Crucially any entitlement to neonatal care leave and pay is in addition to other statutory leave entitlements that the parents may have, such as maternity, paternity or adoption leave, and Employers will be able to recover it in the same way as other entitlements such as maternity pay.
Employers should be aware that Parents who take neonatal leave will have the same rights as parents taking other forms of family leave, so they will be protected from detriment and dismissal and provides protection from redundancy.
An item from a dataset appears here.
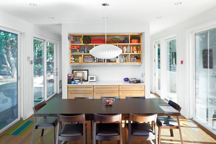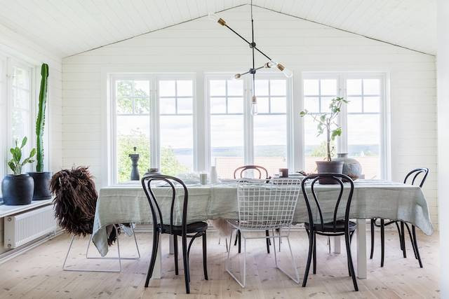 Mixed dining room seating? Check. A totally chic lake house to host friends and family? Double check.

What does our Business need to do?
- You should look to update your current family friendly leave polices so that it is included
- Consider if you provide enhanced pay on certain family friendly policies you may wish to include this as part of the Neonatal leave policy so that everyone is treated the same regardless of the type of leave they take
- Communicate the new policy to all your employees and set out the rules in which to make a request under it.
At Hopkins Solicitors we have a dedicated Employment team who can assist you with a review and update of your handbook policies and procedures so that you are always up to date with your obligations as an Employer. Contact us for more details.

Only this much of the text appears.